|
[Date Prev][Date Next][Thread Prev][Thread Next][Date Index][Thread Index] Re: [Xen-devel] [PATCH v6 1/8] AMD/IOMMU: don't blindly allocate interrupt remapping tables
> -----Original Message-----
> From: Xen-devel <xen-devel-bounces@xxxxxxxxxxxxxxxxxxxx> On Behalf Of Jan
> Beulich
> Sent: 19 September 2019 14:22
> To: xen-devel@xxxxxxxxxxxxxxxxxxxx
> Cc: Andrew Cooper <Andrew.Cooper3@xxxxxxxxxx>; Suravee Suthikulpanit
> <suravee.suthikulpanit@xxxxxxx>
> Subject: [Xen-devel] [PATCH v6 1/8] AMD/IOMMU: don't blindly allocate
> interrupt remapping tables
>
> ACPI tables are free to list far more device coordinates than there are
> actual devices. By delaying the table allocations for most cases, and
> doing them only when an actual device is known to be present at a given
> position, overall memory used for the tables goes down from over 500k
> pages to just over 1k (on my system having such ACPI table contents).
>
> Tables continue to get allocated right away for special entries
> (IO-APIC, HPET) as well as for alias IDs. While in the former case
> that's simply because there may not be any device at a given position,
> in the latter case this is to avoid having to introduce ref-counting of
> table usage.
>
> The change involves invoking
> iterate_ivrs_mappings(amd_iommu_setup_device_table) a second time,
> because the function now wants to be able to find PCI devices, which
> isn't possible yet when IOMMU setup happens very early during x2APIC
> mode setup. In this context amd_iommu_init_interrupt() gets renamed as
> well.
>
> The logic adjusting a DTE's interrupt remapping attributes also gets
> changed, such that the lack of an IRT would result in target aborted
> rather than not remapped interrupts (should any occur).
>
> Note that for now phantom functions get separate IRTs allocated, as was
> the case before.
>
> Signed-off-by: Jan Beulich <jbeulich@xxxxxxxx>
Reviewed-by: Paul Durrant <paul.durrant@xxxxxxxxxx>
> ---
> v6: Acquire IOMMU lock in code added to amd_iommu_add_device().
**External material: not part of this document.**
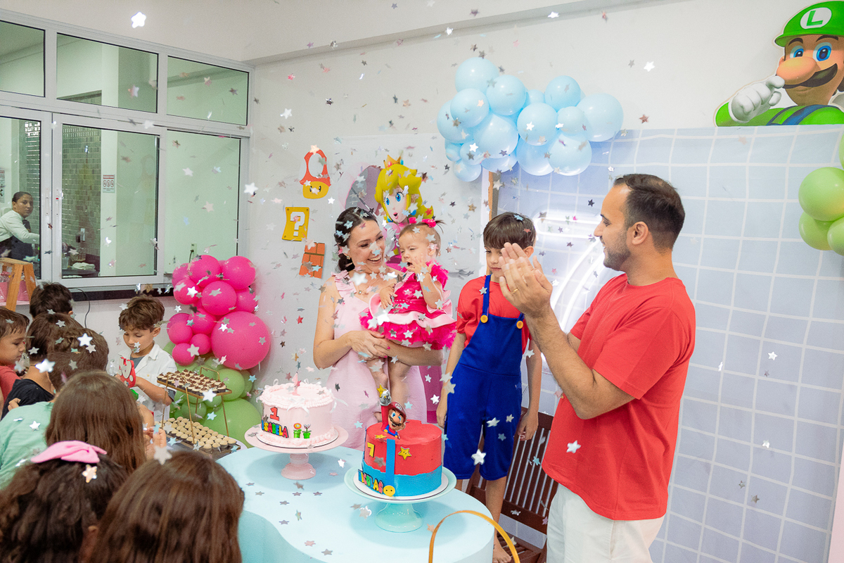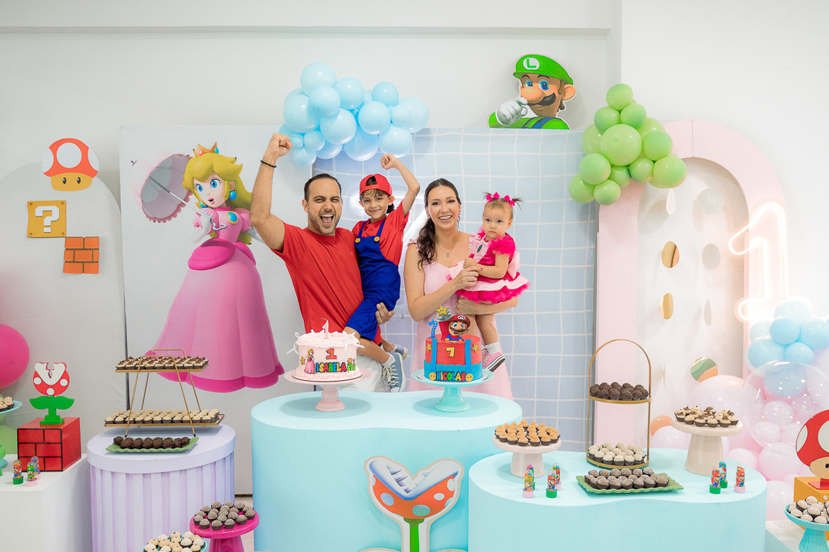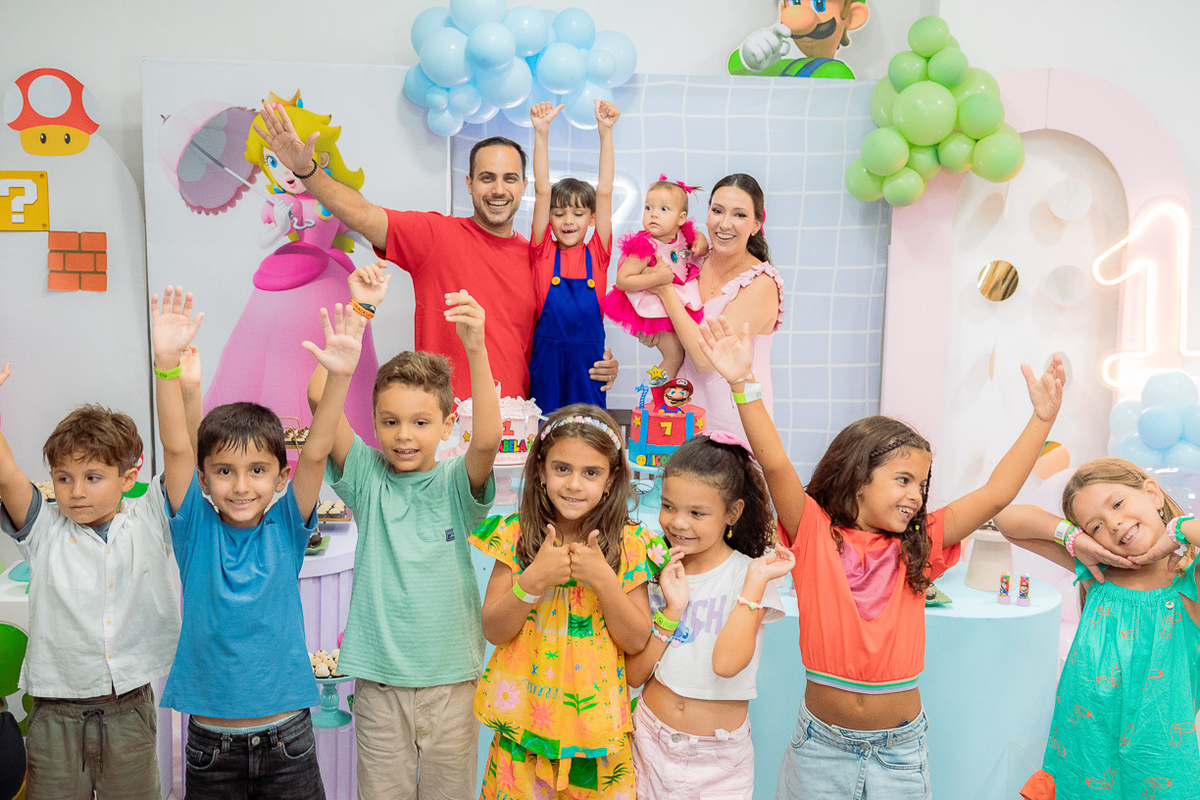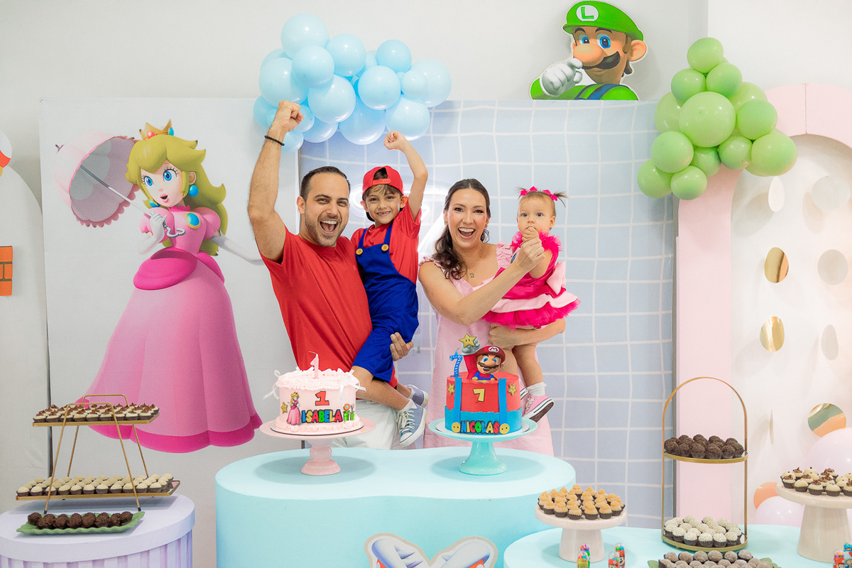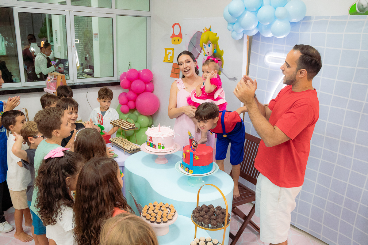 Sabe aqueles que só existem na imaginação das crianças? O tema Super Mario ganhou vida com cores vibrantes, risadas e pequenos detalhes que transformaram o espaço em um reino digno dos jogos.
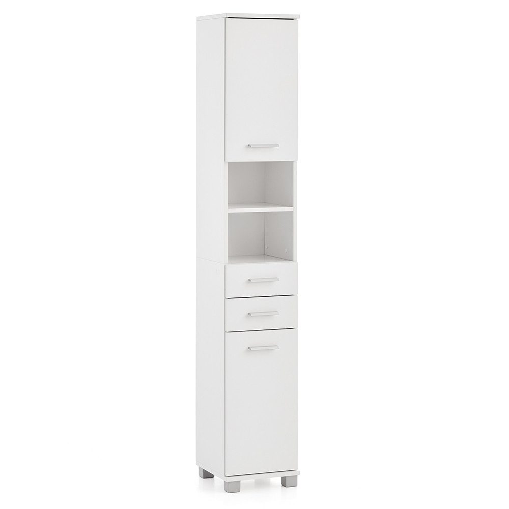 Der moderne Hochschrank bietet viel Stauraum und überzeugt mit einer eleganten, matten Oberfläche in Weiß – auch in drei weiteren Farben erhältlich. Mit zwei Türen, zwei Schubladen und zwei offenen Fächern kannst du Handtücher, Pflegeprodukte und Dekoration stilvoll unterbringen. Die schmale, hohe Bauweise macht ihn ideal für kleine und große Badezimmer. Ein zeitloses Design, das Ordnung und Stil in dein Bad bringt!

Drop a
> pointless use of the conditional operator.
> v5: New.
> ---
> TBD: This retains prior (but suspicious) behavior of not calling
> amd_iommu_set_intremap_table() for "invalid" IVRS mapping entries.
> Since DTE.IV=0 means un-remapped interrupts, I wonder if this needs
> changing.
>
> Backporting note: This depends on b5fbe81196 "iommu / x86: move call to
> scan_pci_devices() out of vendor code"!
>
> ---
> xen/drivers/passthrough/amd/iommu_acpi.c | 65 +++++++++++++----------
> xen/drivers/passthrough/amd/iommu_init.c | 73
> ++++++++++++++++++++------
> xen/drivers/passthrough/amd/iommu_intr.c | 4 -
> xen/drivers/passthrough/amd/iommu_map.c | 5 +
> xen/drivers/passthrough/amd/pci_amd_iommu.c | 43 ++++++++++++++-
> xen/include/asm-x86/hvm/svm/amd-iommu-proto.h | 2
> 6 files changed, 143 insertions(+), 49 deletions(-)
>
> --- a/xen/drivers/passthrough/amd/iommu_acpi.c
> +++ b/xen/drivers/passthrough/amd/iommu_acpi.c
> @@ -53,7 +53,8 @@ union acpi_ivhd_device {
> };
>
> static void __init add_ivrs_mapping_entry(
> - u16 bdf, u16 alias_id, u8 flags, struct amd_iommu *iommu)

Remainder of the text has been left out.